Alzheimer's disease (AD) is a widely recognized neurodegenerative disorder distinguished by degeneration of brain cells, a decline in memory, thinking, independence, and cognitive loss. AD is a prevalent cause of dementia, affecting about 6.5 million people and accounting for every sixth death in the United States. Prior research suggested that APOE ε4 and depression/ anxiety may act synergistically to increase the risk for dementia. Therefore, this study aimed to investigate the effects of APOE ε4 and depressive/anxiety symptoms on cognitive decline to help improve the prediction of cognitive decline over time. It was hypothesized that participants with APOE ε4 and depressive/anxiety symptoms would experience a greater cognitive decline than participants without APOE ε4 and depressive/anxiety symptoms. Moreover, it was hypothesized that the presence of both depressive/anxiety symptoms and APOE ε4 will interactively affect cognitive decline. Participants (N=947) data obtained from the Alzheimer’s Disease Neuroimaging Initiative (ADNI) database were assessed for depression, anxiety, and cognition over three years.

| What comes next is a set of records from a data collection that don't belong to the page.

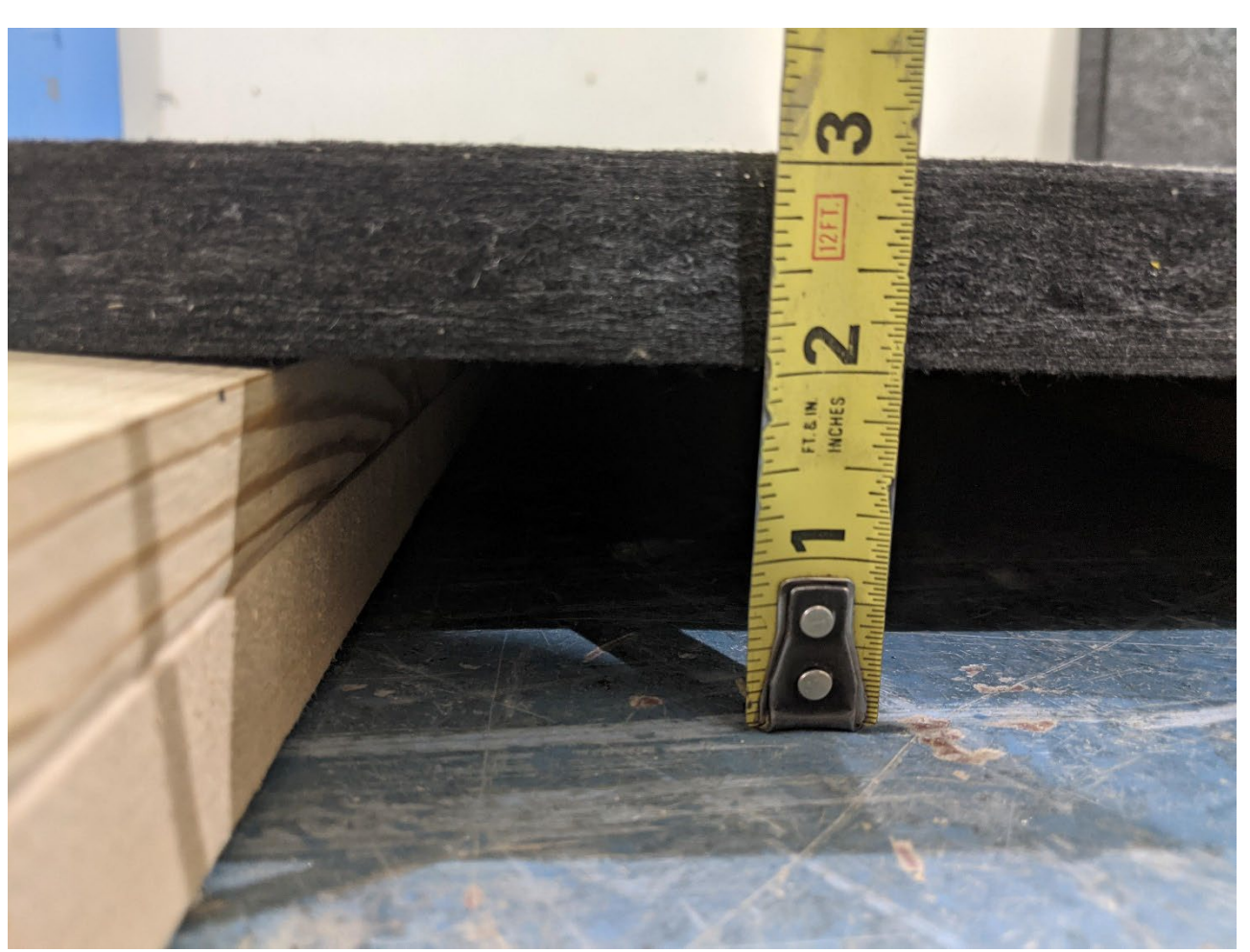
Figure 5 – Detail of specimen materials and airgap depth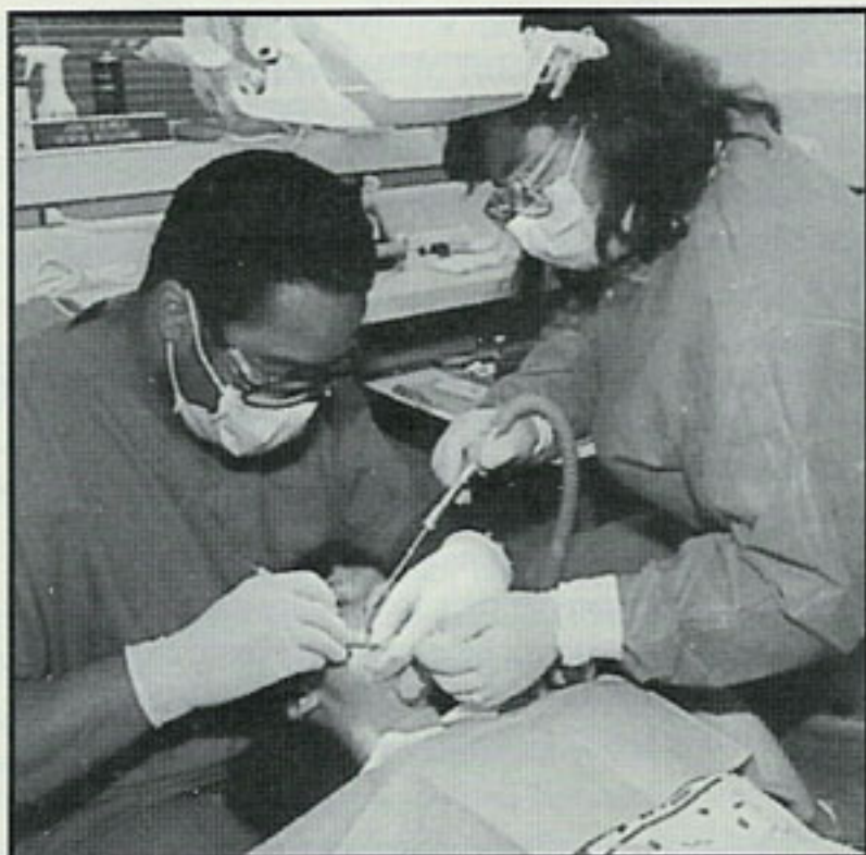
Poarch Creek dental facilities are part of extensive health services.

The Tribal government is comprised of a nine-member Council, with one-third of the members elected each year. The Tribe operates the departments of: Central Administration, Accounting, Employment and Training, Education, Social Services, Health Services, Community Development, Public Safety, Public Works, Tribal Enrollment, Environmental Protection, Economic Development, Tribal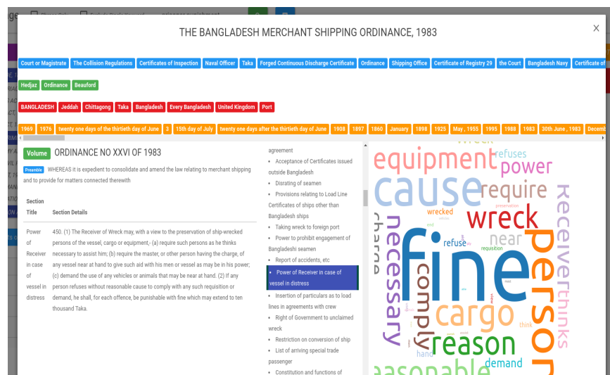
Figure 3: A law article’s named entities exploration.

Figure 3 shows the entity summary view. Organizations, locations, and any time related information in the article are shown as clickable tabs. Clicking a tab shows the sections where the tab entity occurs. Sections can be individually selected from the section list, and a word cloud allows the user to highlight section texts where these keywords occur.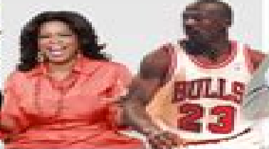
Oprah Winfrey Born 1954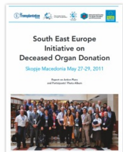
Picture 11: SEEHN member countries delegations and representatives of professional societies (ESOT, ISODP, ETCO, TTS)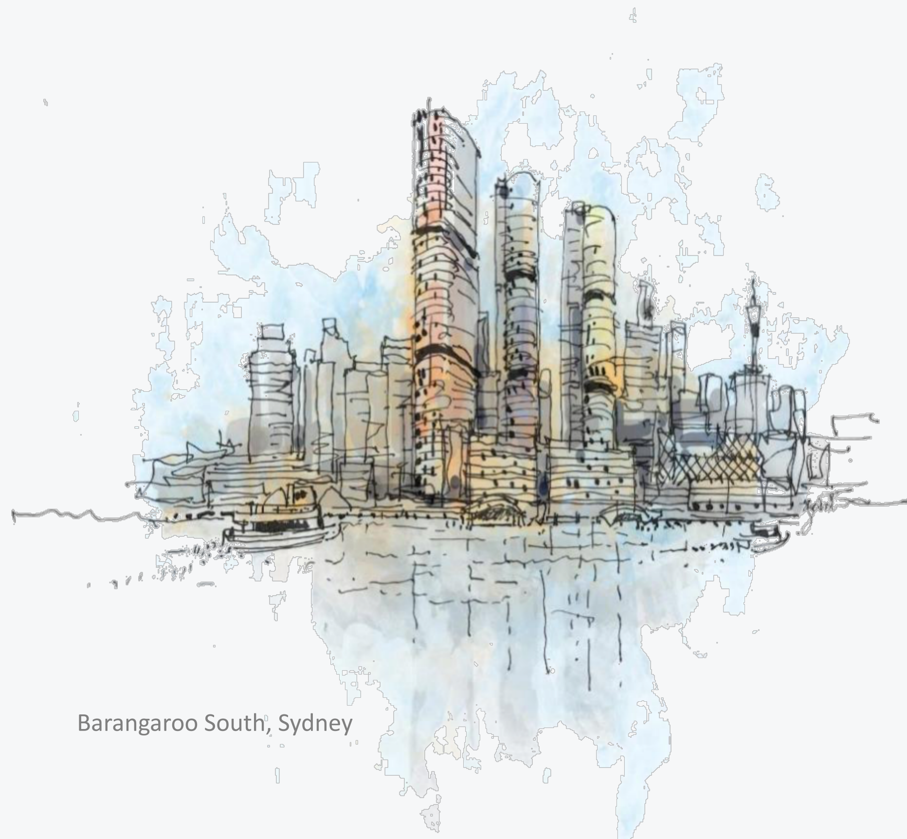
Barangaroo South, Sydney

Supporting the practice is a range of business operational services including accounting, legal, secretarial, IT and graphic design.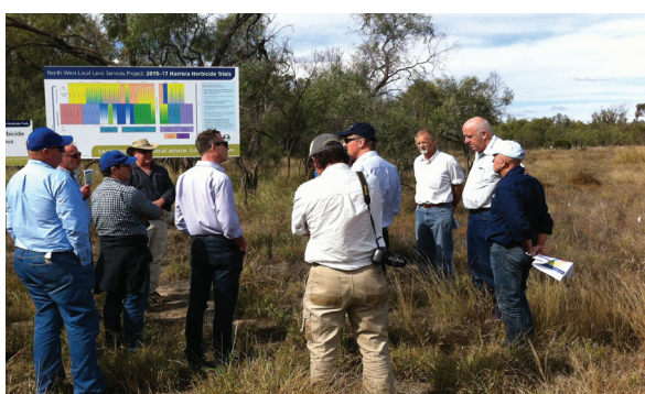
REC members join Northern Region LLS and OEH staff on an inspection of Travelling Stock Reserves near Moree

The REC met four times during 2015-16. Meetings were held at Albury hosted by Murray LLS (10 & 11 August 2015), Office of Environment and Heritage, Sydney (16 November 2015), John Holland Rail, Mayfield (8 February 2016) and Moree Plains Shire Council, Moree (10 & 11 May 2016).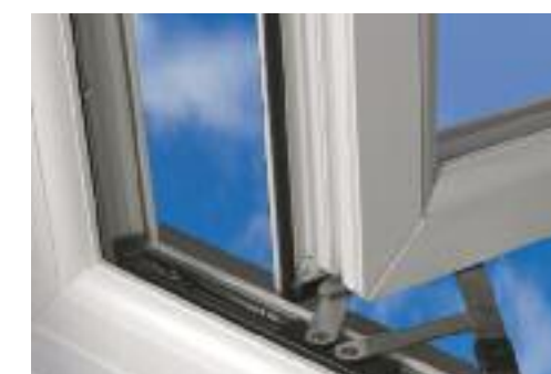
Position two: easy clean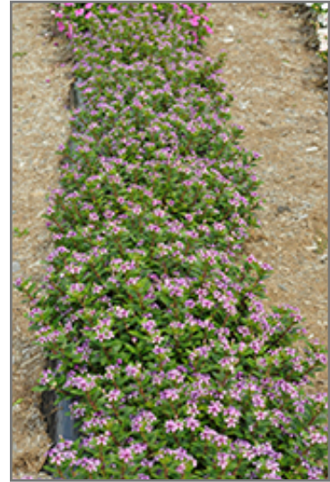
Soiree Kawaii Blueberry Kiss Vinca in bloom

Soiree Kawaii Blueberry Kiss Vinca is a fine choice for the garden, but it is also a good selection for planting in outdoor containers and hanging baskets. Because of its trailing habit of growth, it is ideally suited for use as a 'spiller' in the 'spiller-thriller-filler' container combination; plant it near the edges where it can spill gracefully over the pot. Note that when growing plants in outdoor containers and baskets, they may require more frequent waterings than they would in the yard or garden.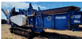
2007 4710B Track Grinder Completely Rebuilt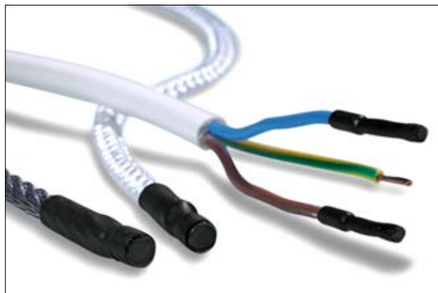
The appropriate end cap for every cable diameter, and cable types.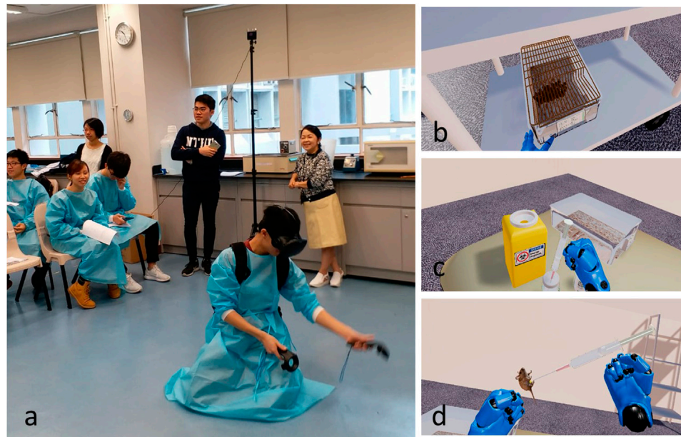
FIGURE 2 | The student player used the pair of the controllers for training the procedures of intraperitoneal injection to the mouse. The student player (A) concentrated on the game; (B) located the animal cage on the bench; (C) drew the drug from the bottle, and (D) held the mouse and performed intraperitoneal injection.

that their participation was entirely voluntary and would not affect their course assessment.

Multilevel- modeling was used to examine the longitudinal association between APOE ε4, depressive/anxiety symptoms, and cognition. Our findings supported that participants with APOE ε4 and depressive/anxiety symptoms are at higher risk for cognitive decline. Findings further indicated a significant three-way interaction (APOE ε4 X depressive/anxiety symptoms X occasion), demonstrating significant mean differences in cognition among the depressed and anxiety participant groups. Significant differences were also noted among participants having APOE ε4 two alleles. Therefore, it is suggested that better management of depression/anxiety could potentially reduce cognitive decline and dementia risk.